[Tex/LaTex] Why does inputenc abandon so quickly under “utf8 based engines”

font-encodingsinput-encodingsxetex

Why do I need to do the extra work starting with \ifdefined in order to get my French guillemets correct in the pdf output, when using xelatex with a source specifying the use of T1-encoded fonts ?

\documentclass[french]{article}

    \usepackage[T1]{fontenc}
    \usepackage[utf8]{inputenc}

\ifdefined\XeTeXinterchartoks
     \catcode`« \active
     \catcode`» \active
     \def«{\char19 }
     \def»{\char20 }% ça marche, même avec Babel+frenchb
\fi

\usepackage{newtxtext}

\usepackage{babel}
\frenchbsetup{og=«, fg=»}

\begin{document}

\showboxbreadth\maxdimen
\showboxdepth\maxdimen
\showoutput

«coucou»
\end{document}

The log contains:

Package: inputenc 2015/03/17 v1.2c Input encoding file
\inpenc@prehook=\toks14
\inpenc@posthook=\toks15


Package inputenc Warning: inputenc package ignored with utf8 based engines.
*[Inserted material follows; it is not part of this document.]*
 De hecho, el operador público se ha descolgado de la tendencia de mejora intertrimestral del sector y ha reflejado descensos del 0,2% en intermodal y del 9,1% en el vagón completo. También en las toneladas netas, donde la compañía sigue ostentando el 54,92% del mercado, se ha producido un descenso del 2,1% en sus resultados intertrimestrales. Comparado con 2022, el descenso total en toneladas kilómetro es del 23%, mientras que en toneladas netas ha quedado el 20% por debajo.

But it is loaded after fontenc. It is not forbidden to use fontenc with xelatex. inputenc is loaded after it. Thus it should know that T1-encoded font slots are to be used. Why then doesn't it do the job of making these characters active and map them to the suitable \char xx slots ?

There is something escaping me here…

Notice that the code sample also uses babel+frenchb which adds automatic spacing. It seems not to have been perturbed from my making the characters active.
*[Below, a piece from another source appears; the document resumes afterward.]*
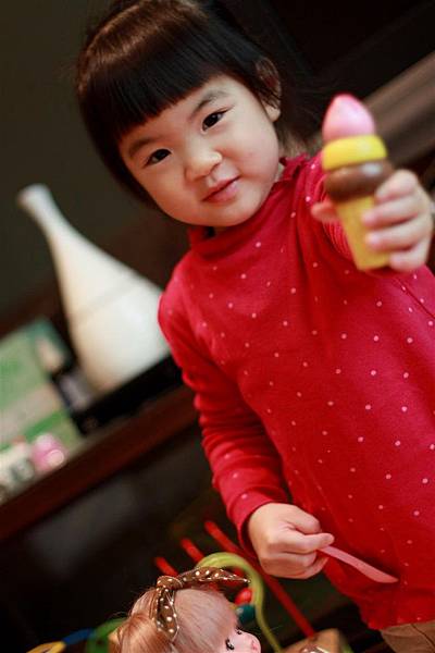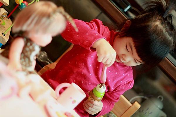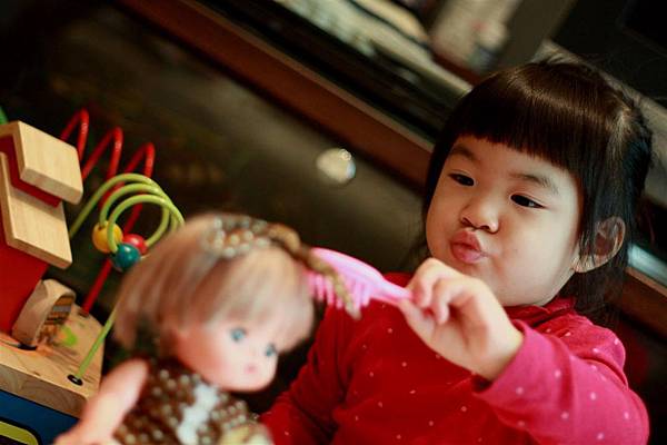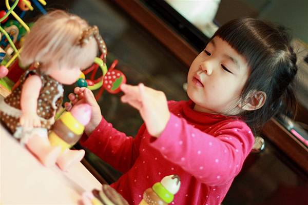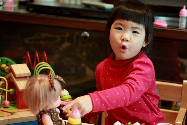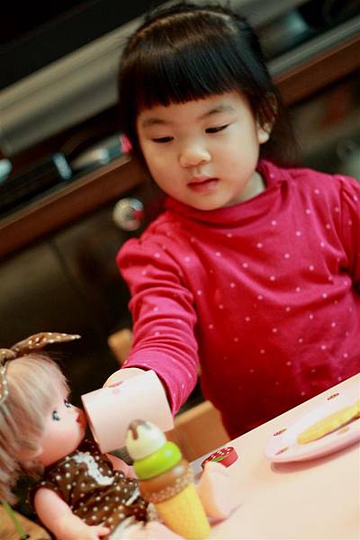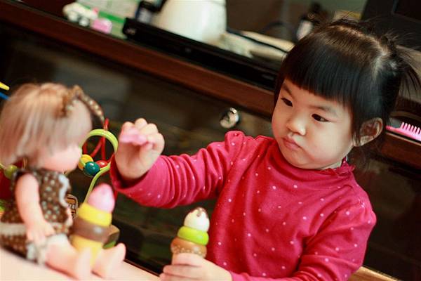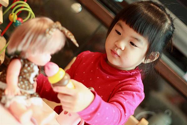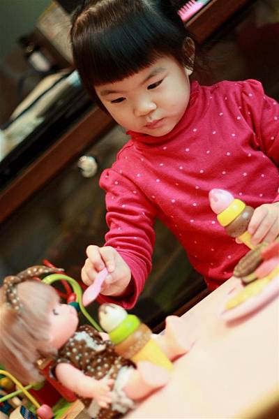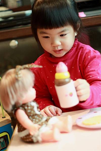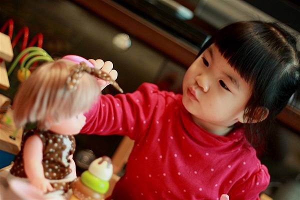像她就會學著我照顧她的方式轉而照顧小美樂妹妹。

In order to explain more the issue, consider the following input:

\documentclass{article}

    \usepackage[T1]{fontenc}
    \usepackage[utf8]{inputenc}

\begin{document}

\showboxbreadth\maxdimen
\showboxdepth\maxdimen
\showoutput

«coucou»

\end{document}

It produces, if compiled with xelatex:

The explanation is simple: the ascii chars « and » are in slots 171 and 187 respectively. Hence the corresponding glyphs from the T1 encoding are used, giving the result. inputenc does nothing, but it could have donc something akin to my code above.
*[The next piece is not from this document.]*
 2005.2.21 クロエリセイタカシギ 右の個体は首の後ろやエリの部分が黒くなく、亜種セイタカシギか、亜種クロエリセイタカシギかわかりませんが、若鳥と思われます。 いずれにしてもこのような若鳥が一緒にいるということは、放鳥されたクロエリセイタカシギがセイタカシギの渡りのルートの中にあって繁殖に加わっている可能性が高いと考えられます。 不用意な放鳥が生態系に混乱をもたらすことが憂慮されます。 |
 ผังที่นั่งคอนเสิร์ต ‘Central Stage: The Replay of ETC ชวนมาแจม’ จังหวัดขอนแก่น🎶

...\hbox(6.63332+0.0)x345.0, glue set 290.00977fil
....\hbox(0.0+0.0)x15.0
....\T1/cmr/m/n/10 «
....\T1/cmr/m/n/10 c
....\T1/cmr/m/n/10 o
....\T1/cmr/m/n/10 u
....\T1/cmr/m/n/10 c
....\T1/cmr/m/n/10 o
....\T1/cmr/m/n/10 u
....\T1/cmr/m/n/10 »

Best Answer

inputenc is abandoned because it does absolutely nothing with XeTeX or LuaLaTeX. Better said, it would do bad!

See fontenc vs inputenc

Essentially, the task performed by inputenc is translating input characters into their LICR form. With an 8 bit engine, « is two byte long and inputenc is able to translate them into \guillemotleft and » into \guillemotright. But for doing so it must make some characters active. Which is exactly what you do later on, and inputenc is not instructed to do, because it's thought for an 8 bit engine.

I added a friendlier interface with newunicodechar.

\documentclass[french]{article}

\usepackage[T1]{fontenc}
\usepackage{newunicodechar}

\newunicodechar{«}{\guillemotleft}
\newunicodechar{»}{\guillemotright}

\usepackage{newtxtext}

\usepackage{babel}
\frenchbsetup{og=«, fg=»}

\begin{document}

«coucou»

\end{document}

If your aim is to provide translations for the characters in t1enc.dfu, then you can use it in a different way.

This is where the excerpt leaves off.